Figure 2. . Draeger Evita v500 respirator. Arrow indicates Neoflow air flow sensor.

Investigation of the ventilation procedures in the NICU revealed that most equipment used for respiratory care was disposable, designated for single-patient use. The Draeger Evita v500 ventilator (Draeger Medical Inc., Telford, PA, USA; www.draeger.us/sites/enus_us/pages/hospital/evita-xl.aspx) was used for mechanical ventilation of infants who were intubated to treat severe respiratory compromise. The Draeger Evita V500 is a microprocessor controlled ventilator offering both mandatory and spontaneous ventilation modes for adult, pediatric, and neonatal patients. Heated and humidified gas flows from the ventilator unit, through the inspiratory circuit and NeoFlow air flow sensor to the patient through an endotracheal tube. Upon exhalation, gas flows back through the air flow sensor into the expiratory circuit and returns to the ventilator through the expiratory flow sensor and exhalation valve. In addition to the ventilator, reusable respiratory equipment comprised a proximal air flow sensor, expiratory flow sensor, exhalation valve, and circuit temperature probe. The sensor closest to the newborn’s mouth was an air flow sensor located inside the disposable ventilation circuit (Figure 2). From 9 environmental cultures obtained from 9 air flow sensors, 1 was positive for Bacillus spp., and was later confirmed as B. cereus by the State Public Health Laboratory.

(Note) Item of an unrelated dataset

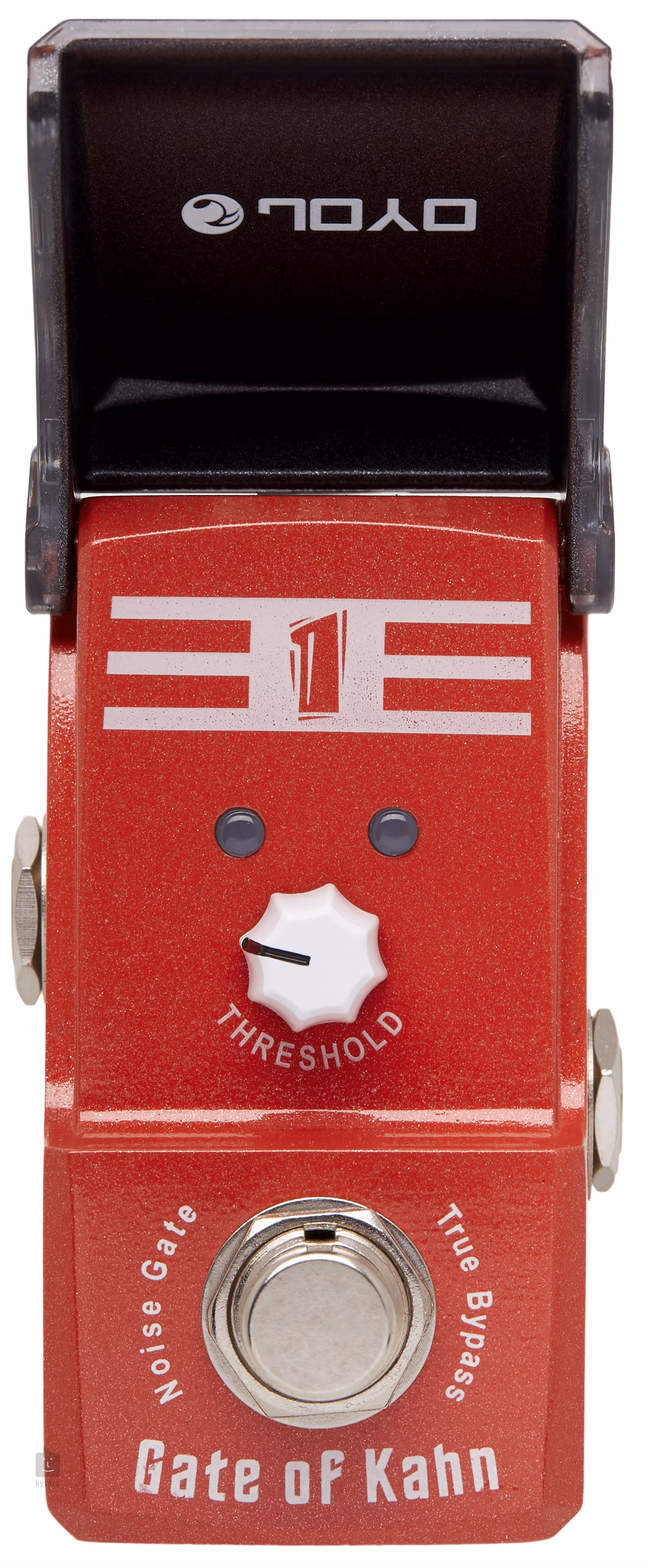 Das Joyo JF-324 Gate of Kahn ist ein Miniatur-Noise-Gate mit maximalem Bedienungskomfort aus dem Hause Joyo. Die Box beseitigt ein für alle Mal die lästigen Rückkopplungen in den Registern oder, was noch peinlicher ist, am Ende von Songs, und beeinflusst den Gitarrensound nur minimal. Das Pedal arbeitet im True-Bypass-Modus, hat also im ausgeschalteten Zustand keinerlei Auswirkungen auf das Durchschleifsignal. Die Stromversorgung erfolgt über einen 9V-Adapter.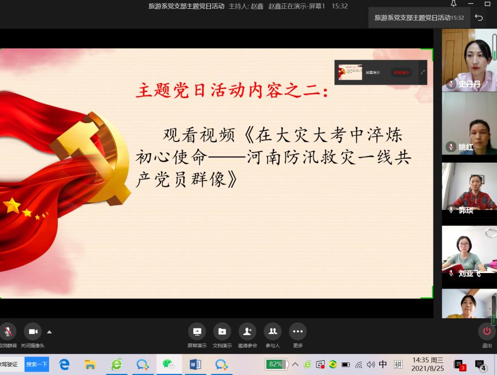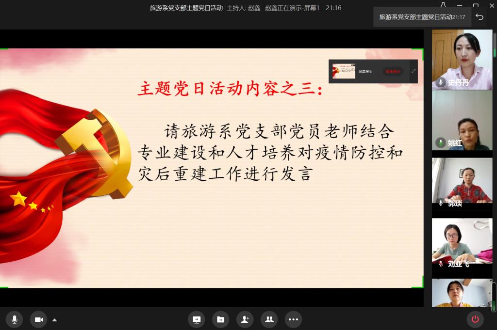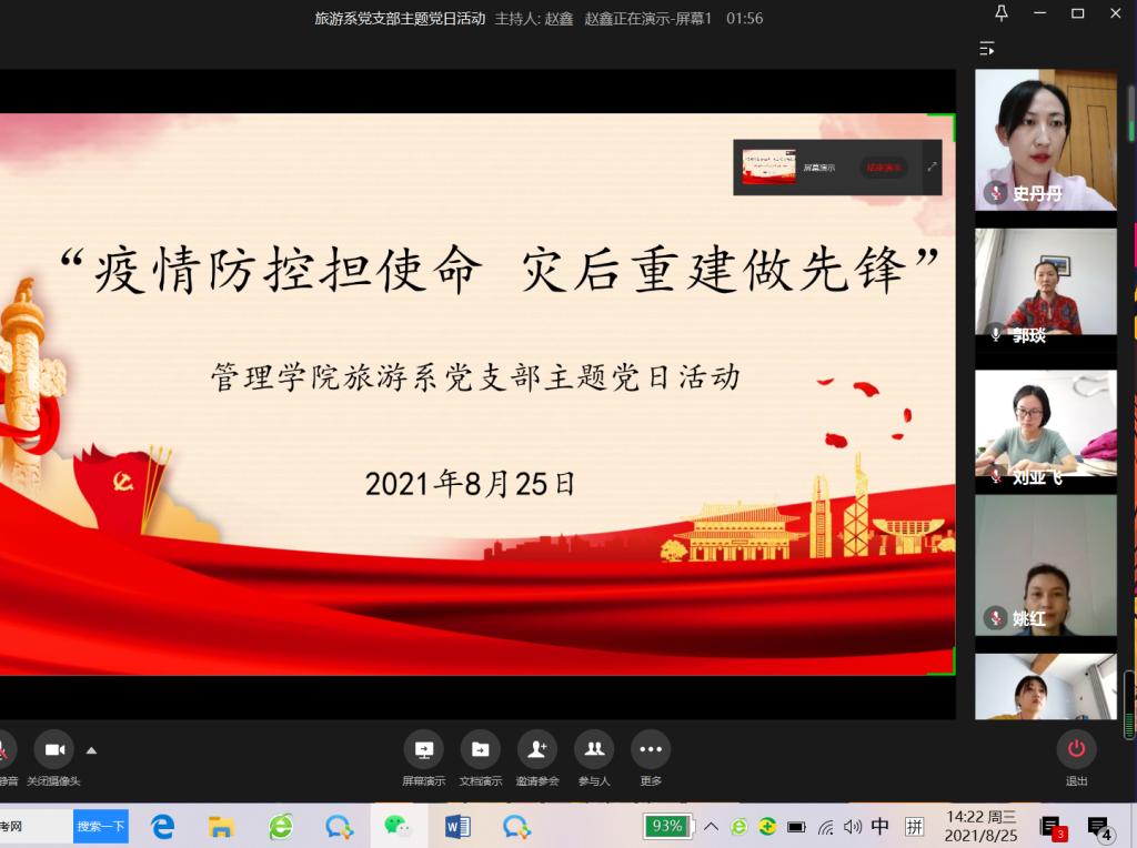 当前,我省面临疫情防控和灾后重建双重考验,为认真学习贯彻习近平总书记重要指示批示精神,落实省、市及学校党委关于统筹开展疫情防控和灾后重建工作的安排部署,8月25日下午,按照beat365官网党总支的要求,旅游系党支部组织了线上“疫情防控担使命 灾后重建做先锋”主题党日活动,支部全体党员参加学习。

MLST was performed for 8 B. cereus isolates from case-patients and for 1 environmental isolate from the air flow sensor. We were able to fully characterize 4 of the 9 isolates (Table). One locus for the remaining 5 strains did not yield an amplicon for sequencing after repeated attempts and, thus, could not be assigned a sequence type. The isolates that included sequence type (ST) 73 and ST94 were closely related to each other because they differed by merely 1 locus, gmk. The strains that were not fully typed because of the inability to obtain sequences for locus pta were also closely related to ST73 or ST94 because the other loci matched. There was 1 match between strains isolated from 1 case-patient and the air flow sensor, which was ST73. The contaminated air flow sensor was then sterilized by using a steam autoclave. A repeat culture of this sensor after sterilization was negative.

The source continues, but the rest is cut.